A Book Review: The 4-Hour Workweek

I dismissed reading this book for several years due to unfavorable reviews from friends, as well as those on Amazon. You can find a nay-sayer in every group! While input and opinions can be helpful, in this case I missed out on some great insights that are extremely helpful to those running their own businesses. Don’t disregard the book if you work within an organization. Tim Ferris has dedicated several chapters to help you structure a work life that provides more balance and a life beyond work.

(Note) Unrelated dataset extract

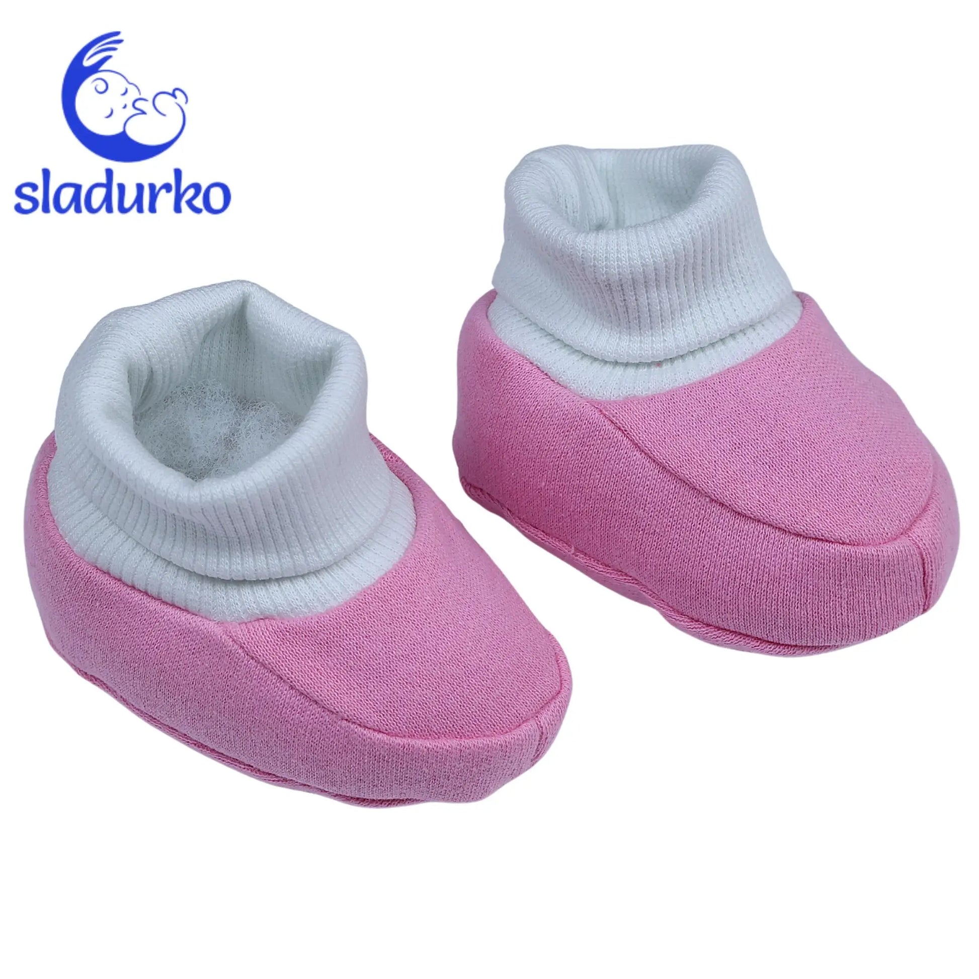 Памучни терлици с двоен ластик на глезена. 100% памук. Произведено в България. Размер 0-6 месеца. 9см. дължина на стелка.

Considering that most of us get a job before we truly get a life, it is no wonder that we feel trapped by what we think is necessary to provide for our lifestyle. In “The 4-Hour Workweek” Tim helps us see how many of the structures and tasks we have built into our work life fail to serve the life we desire to live. Instead we live what Tim calls the “deferred-life plan,” conforming to societal norms of workweeks punctuated by weekend reprieves (if that) and frantic vacations. Frantic vacations are those week-long sojourns that Americans are famous for. They begin with a frantic rush to complete projects before one goes on a vacation. The vacation is then interrupted by daily check-ins to the office and on the smartphone, finally ending with a return to the office requiring days of “catch-up” for all that went on while we were supposedly relaxing. All of this done for many decades of our life to earn the opportunity to “retire” and live the life we have dreamed.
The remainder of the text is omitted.